PROBLEM DESCRIPTION:
What is printed must match, line for line, the records from their first line through the line containing "r. 1944, budování", with pictures left out.

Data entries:
· · · · · · ·

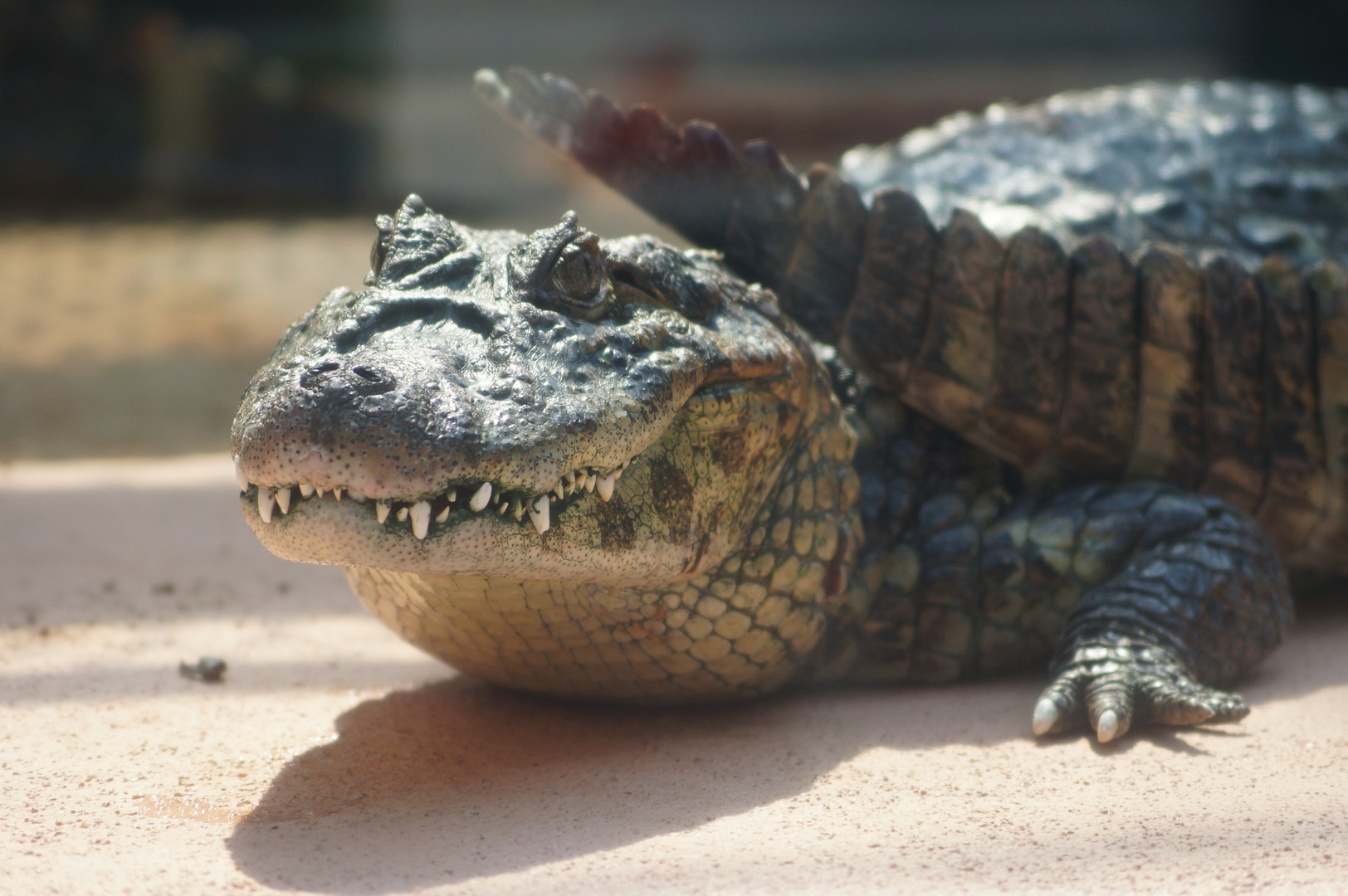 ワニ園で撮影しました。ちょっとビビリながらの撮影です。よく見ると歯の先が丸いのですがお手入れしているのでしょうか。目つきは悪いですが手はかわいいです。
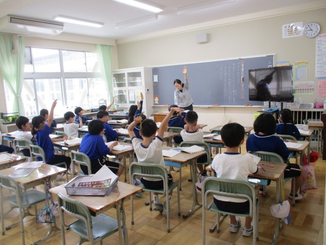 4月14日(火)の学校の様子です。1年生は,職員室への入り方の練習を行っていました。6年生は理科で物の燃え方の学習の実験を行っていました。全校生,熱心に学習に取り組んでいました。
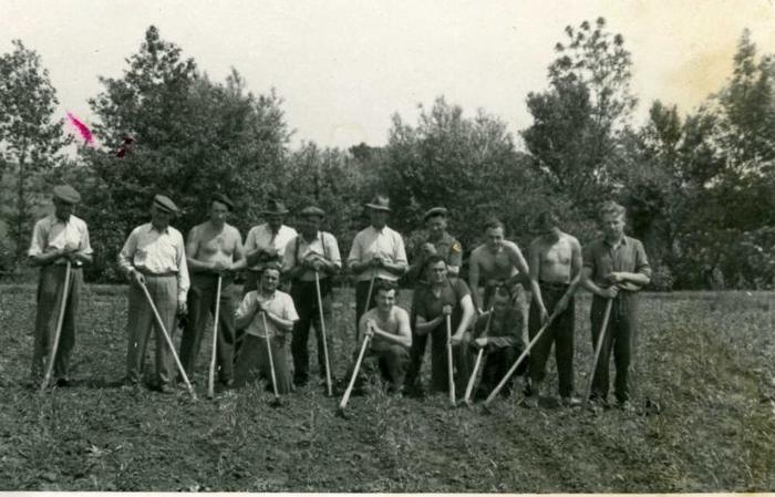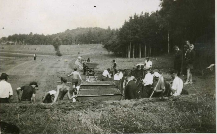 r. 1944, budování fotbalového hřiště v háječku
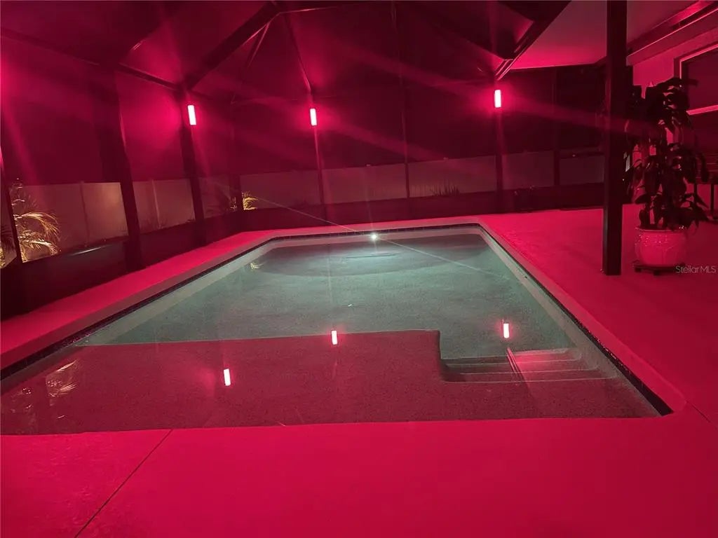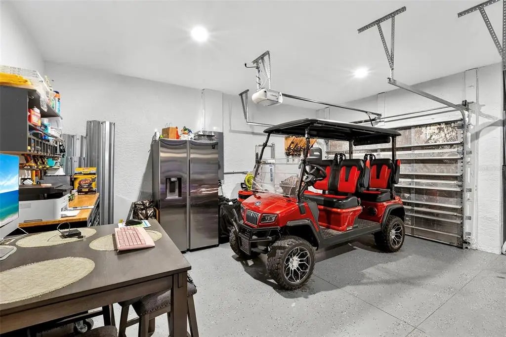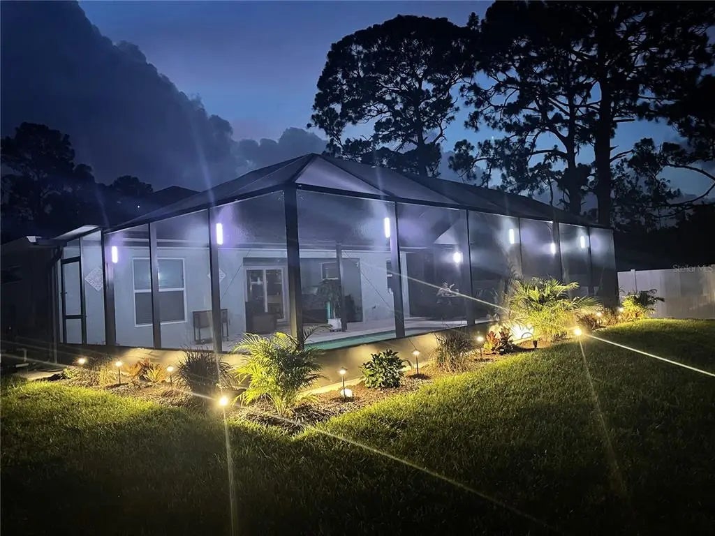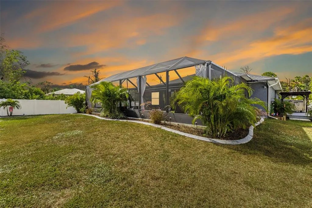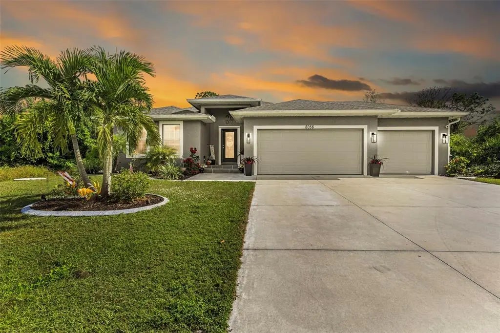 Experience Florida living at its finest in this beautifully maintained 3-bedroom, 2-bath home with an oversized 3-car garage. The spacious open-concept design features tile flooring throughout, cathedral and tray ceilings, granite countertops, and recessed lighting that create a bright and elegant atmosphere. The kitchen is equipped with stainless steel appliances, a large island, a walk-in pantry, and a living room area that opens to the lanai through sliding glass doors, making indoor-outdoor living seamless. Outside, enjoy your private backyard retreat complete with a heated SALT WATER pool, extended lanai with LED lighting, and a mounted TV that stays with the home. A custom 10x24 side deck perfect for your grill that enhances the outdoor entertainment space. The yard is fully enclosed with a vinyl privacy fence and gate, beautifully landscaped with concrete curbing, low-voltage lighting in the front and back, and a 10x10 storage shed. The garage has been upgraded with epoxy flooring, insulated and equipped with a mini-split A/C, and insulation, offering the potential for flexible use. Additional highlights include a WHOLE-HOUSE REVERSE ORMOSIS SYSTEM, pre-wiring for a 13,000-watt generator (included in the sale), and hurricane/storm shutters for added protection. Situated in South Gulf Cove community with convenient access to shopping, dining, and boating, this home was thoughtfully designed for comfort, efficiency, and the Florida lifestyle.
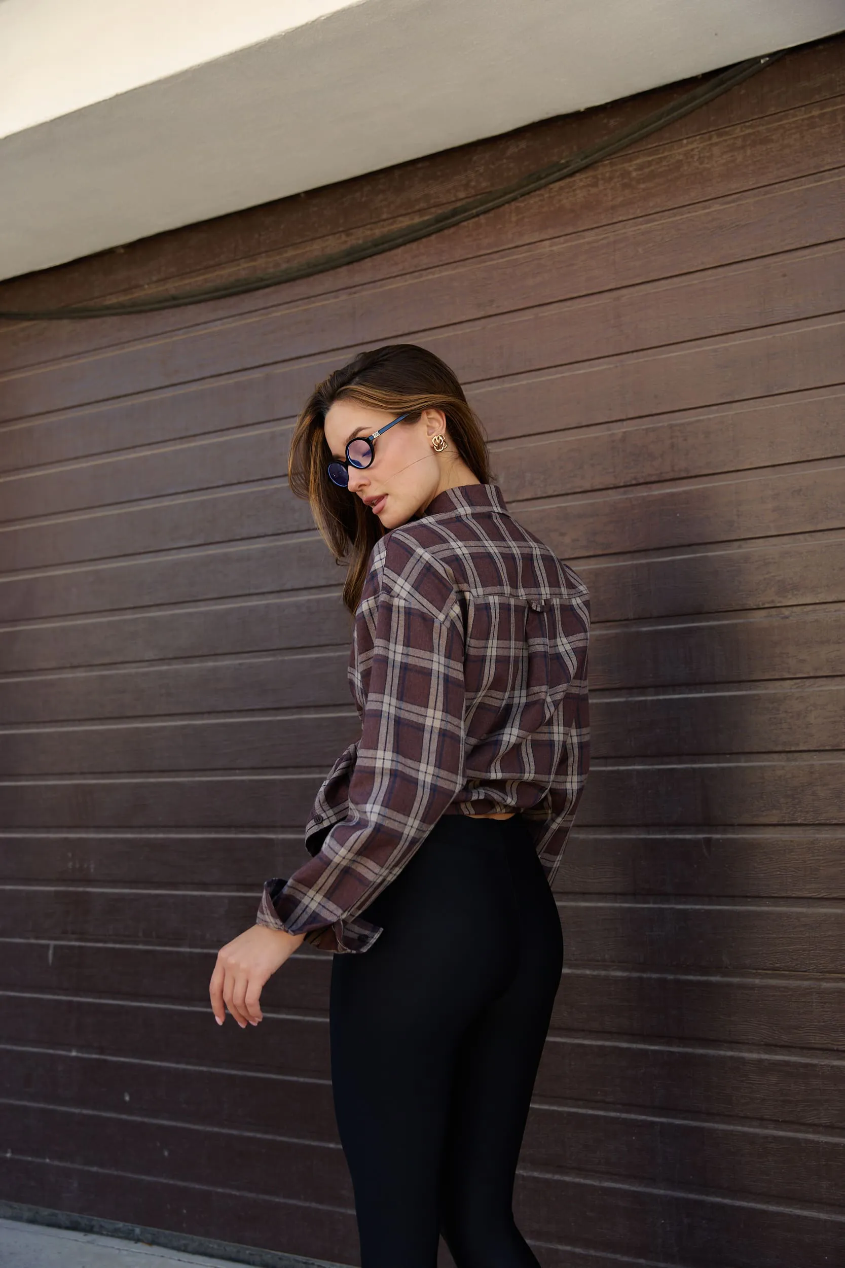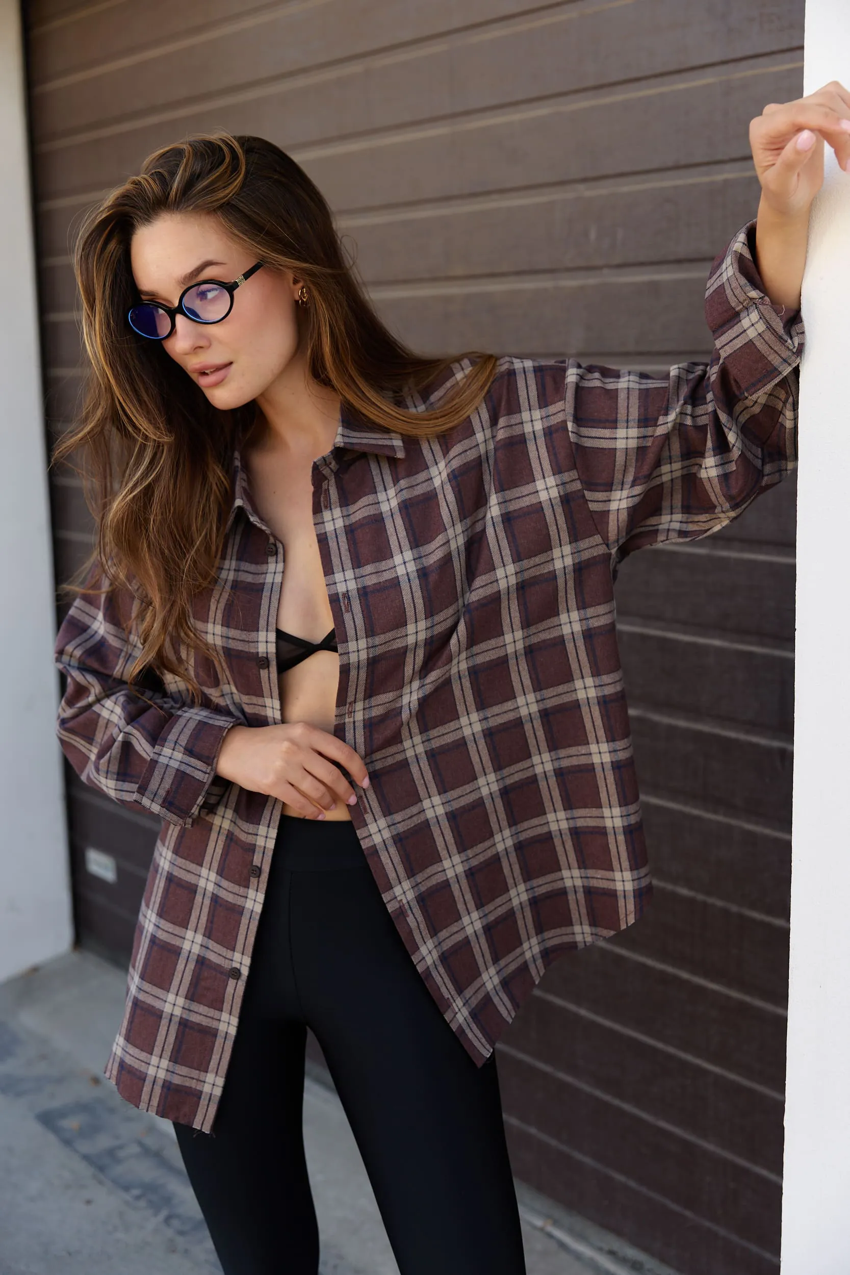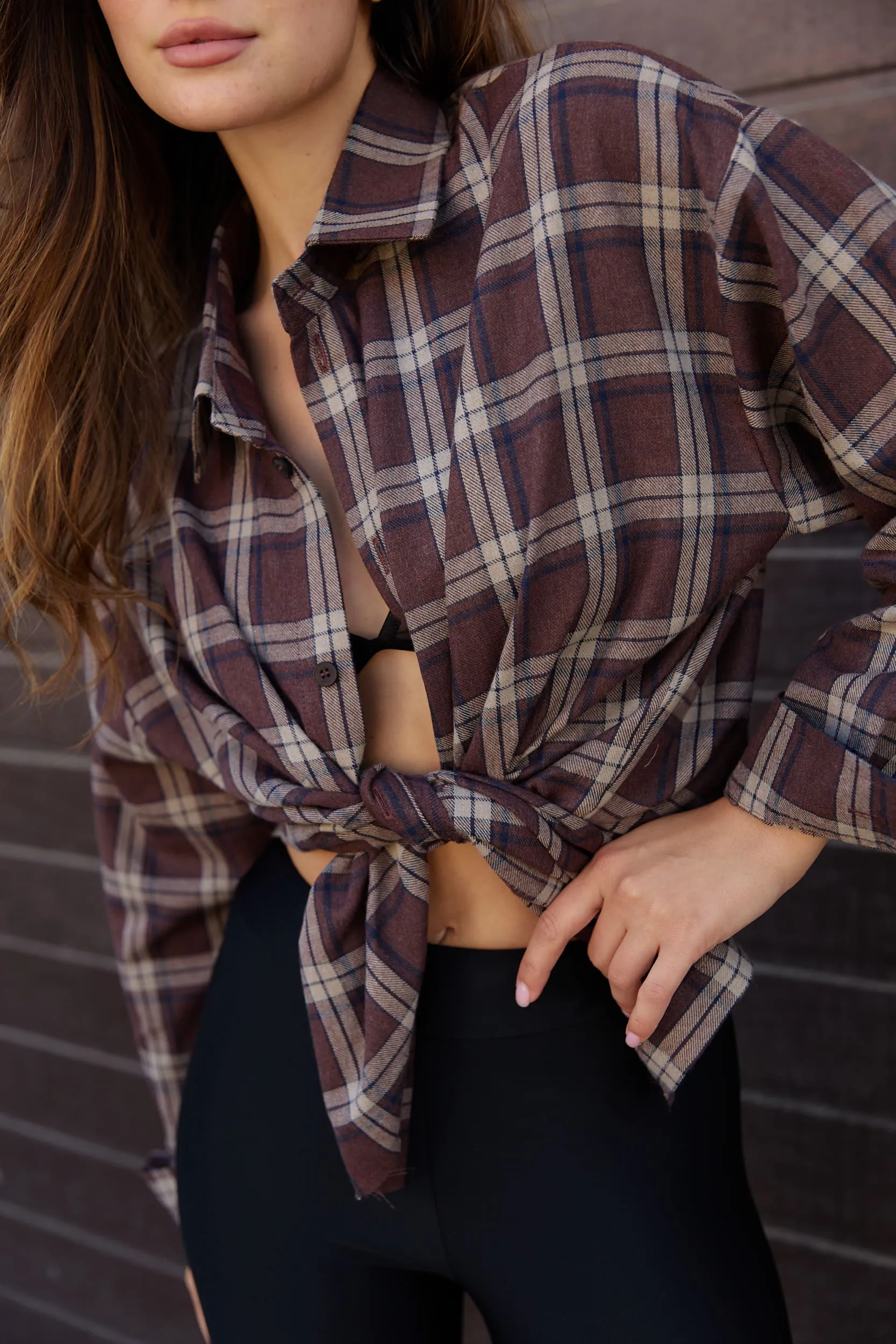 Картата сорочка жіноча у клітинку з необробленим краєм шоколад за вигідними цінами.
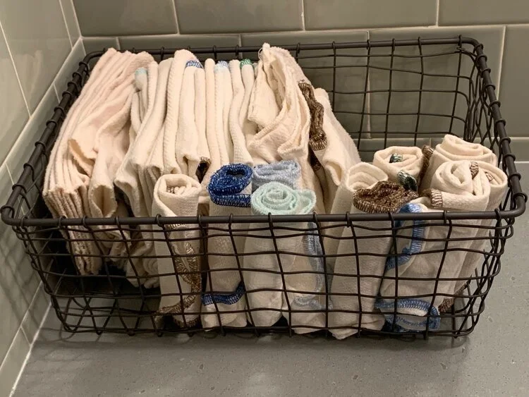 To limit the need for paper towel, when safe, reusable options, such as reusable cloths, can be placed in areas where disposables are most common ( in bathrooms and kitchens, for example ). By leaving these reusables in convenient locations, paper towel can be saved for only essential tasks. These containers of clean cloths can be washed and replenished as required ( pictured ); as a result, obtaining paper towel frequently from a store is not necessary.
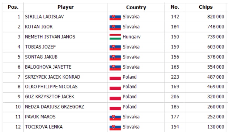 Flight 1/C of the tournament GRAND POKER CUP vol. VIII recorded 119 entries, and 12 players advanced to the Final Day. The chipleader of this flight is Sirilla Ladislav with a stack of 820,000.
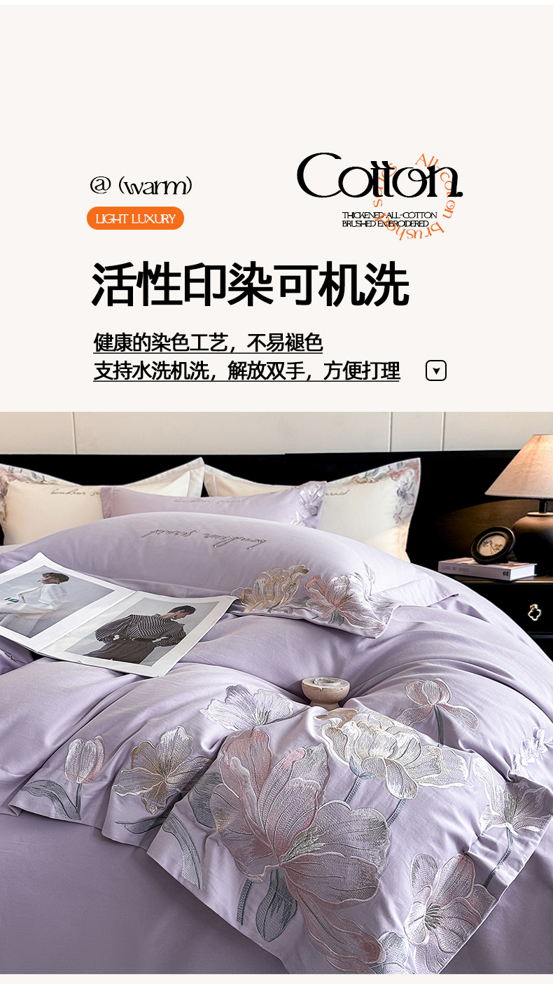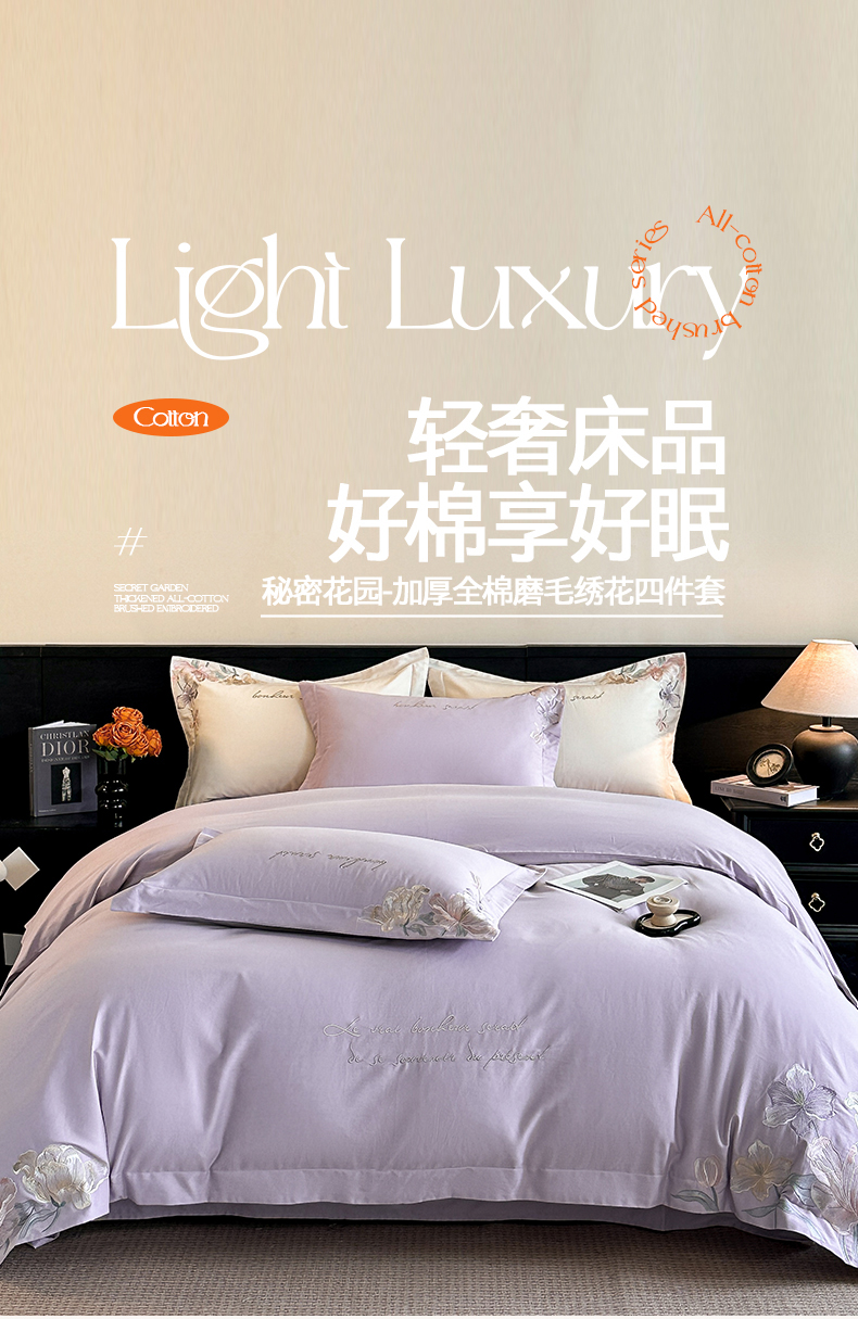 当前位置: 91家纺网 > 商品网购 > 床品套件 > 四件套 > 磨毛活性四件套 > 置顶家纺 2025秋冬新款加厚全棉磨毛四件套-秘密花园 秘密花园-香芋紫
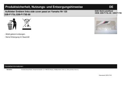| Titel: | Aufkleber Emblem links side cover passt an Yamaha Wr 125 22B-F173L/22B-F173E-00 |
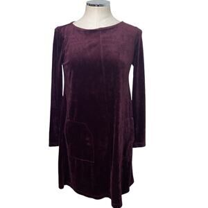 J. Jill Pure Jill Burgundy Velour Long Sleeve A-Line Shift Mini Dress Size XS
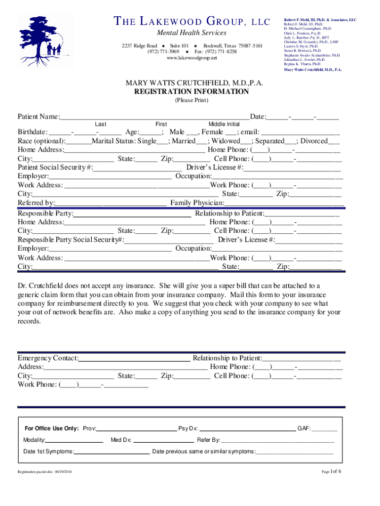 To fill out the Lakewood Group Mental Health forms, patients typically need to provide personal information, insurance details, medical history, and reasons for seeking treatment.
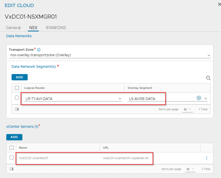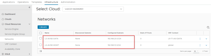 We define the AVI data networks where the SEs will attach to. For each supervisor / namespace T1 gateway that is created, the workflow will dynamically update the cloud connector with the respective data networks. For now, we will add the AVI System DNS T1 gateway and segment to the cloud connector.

· · · · · · ·

TASK SOLUTION:
 ワニ園で撮影しました。ちょっとビビリながらの撮影です。よく見ると歯の先が丸いのですがお手入れしているのでしょうか。目つきは悪いですが手はかわいいです。
 4月14日(火)の学校の様子です。1年生は,職員室への入り方の練習を行っていました。6年生は理科で物の燃え方の学習の実験を行っていました。全校生,熱心に学習に取り組んでいました。
 r. 1944, budování fotbalového hřiště v háječku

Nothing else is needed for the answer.